Unwraping truncated cone shape structure

[Ingsayyad]

I want to unwrape a pillar which has cone shape. How can I do it. For cylinder I knoww CC works well.
Lower radius=1.8506 m (red in pic)
Upper radius=1.6849 m (green in pic)
Please see attached figure.

[daniel]

Well you "just" have to do some math in order to deduce the cone apex position and angle. I guess Thales is you friend here (you just need the height between the red and green circles ;).

Then the "Unroll" tool has a "Cone" mode.

EDIT: anyway, the green and red circles don't look very well "centered". Not sure what you'll get. Maybe unrolling this column as a "cylinder" would not be so bad.

[Ingsayyad]

deduce the cone apex position and angle

Can you plaese give link.

The coordinates of my pillar

Bottom circle : xyz: 22.2154,59.3347, 0
Top circle : xyz: 22.2170,59.3813,24

EDIT: anyway, the green and red circles don't look very well "centered"

Yes, The pillar is not straight.

Maybe unrolling this column as a "cylinder" would not be so bad.

It would be too much approximation. Don't you think so. I need to do for mm accuracy.

Please help me to find solution.

[daniel]

I was thinking about Thales' Intercept thorem ;)
http://en.wikipedia.org/wiki/Intercept_theorem

And for the cylinder VS cone unrolling accuracy, it all depends what you want to do with the result...

[Ingsayyad]

Dear,
I'm trying to use
unroll->cone but still not working.

my parameters are:

center:
Bottom circle : xyz: 0,0,0
Top circle : xyz: 0,0,24.6

radius:
Bottom circle : x,y,z: 1.84 m
Top circle : x,y,z: 1.68 m

Cone apex: 0,0,275 (I just calculated)
angle:0.38
projection radius=1.84 ( WHAT should I give)
I 'm getting unroll with lower and upper edge of same length.

If required, I can send you pointcoud also.

[daniel]

Oh maybe that was not clear but this is exactly what the 'unroll' function does (even for a cone).
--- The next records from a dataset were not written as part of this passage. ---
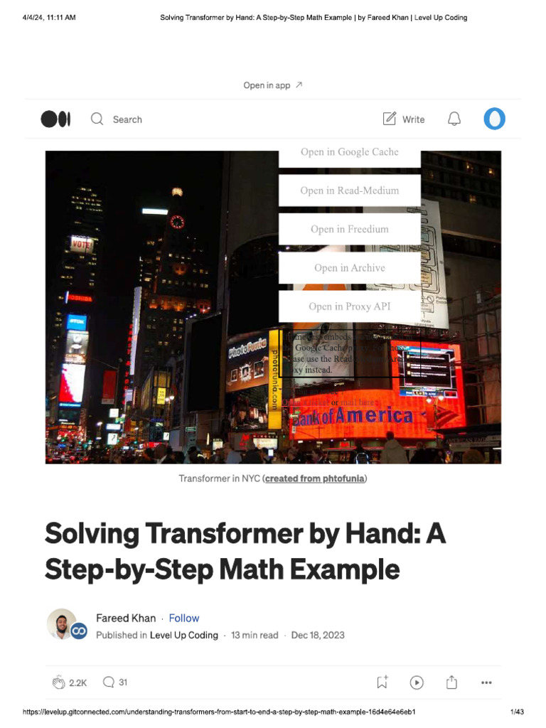 hntps:evelupgitcornectee,comlunerstanding-transtormers-rom-star-to-end-a-step-by-step-math-example-t6ddesdebebtstar24, 111 AM Solving Transformer by Hand: A Step-by-Step Math Example | by Farced Knan | Level Up Coding
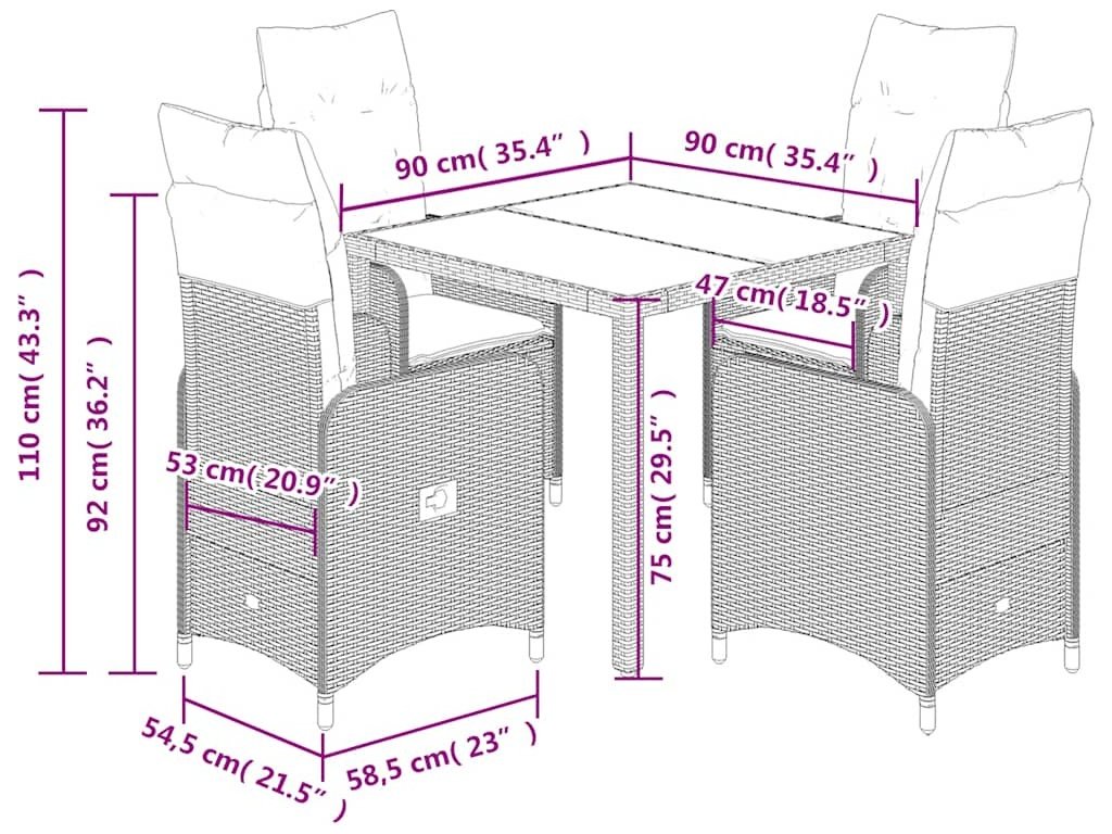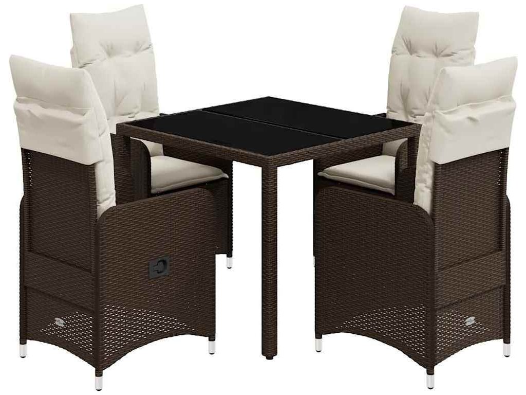 5dílný zahradní bistro set s poduškami hnědý polyratan [3277064]
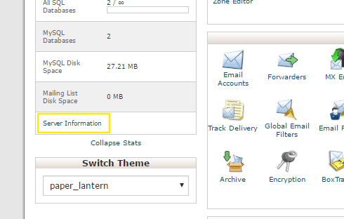 You can check to see what version you’re currently using for your site in cPanel by logging in and clicking the Server Information link on the left-hand side of the page, under the list of stats.

It unwrap the surface as a 'rectangle' .

This is not a 'conical' projection.

[Ingsayyad]

Should it not be like this

[daniel]

Yes it could be. But this is not what this tool is doing right now.

Maybe we could add this as an option: can you send me your cloud and the parameters so that I can update the code? (cloudcompare [at] danielgm.net)

[Ingsayyad]

surely, I will send it to you today.

Can you do me a favour to do math. I will write matlab code for my today's task.

I can calculate cylinder coordinates.
r=sqrt(x^2+y^2).............So I don't need to fix projection radius.I hope it works
theta=atan(y,x)
z=z
Now problem is what are coordinates of my projection plane.
x=?
y=? y will be fixed? it is xz-plane
z=?

[daniel]

You can look at this paper:
http://www.mamikon.com/USArticles/Rolli ... inders.pdf (page 402)

cone_unrolling.jpg (20.1 KiB) Viewed 7595 times

1) You have first to project each point on the theoretical cone (either orthogonal to the surface or radially)
2) Then you can apply the 'unroll' equation. Let A be the cone apex, alpha the opening angle and P(x,y,z) be the projected point. lets assume also that the cone axis is Z (I'll use the figure notations):

Code: Select all

s = norm(P-A)
rho = sqrt(x^2 + y^2)
phi = atan2(y,x)
theta = phi * sin(alpha)

Eventually you'll have to apply a kind of Lambert conical projection (see http://en.wikipedia.org/wiki/Lambert_co ... projection). But is should be simpler (I think theta is the longitude and the latitude is constant in your case. And you already know rho also. I don't have the time to look at the details right now ;)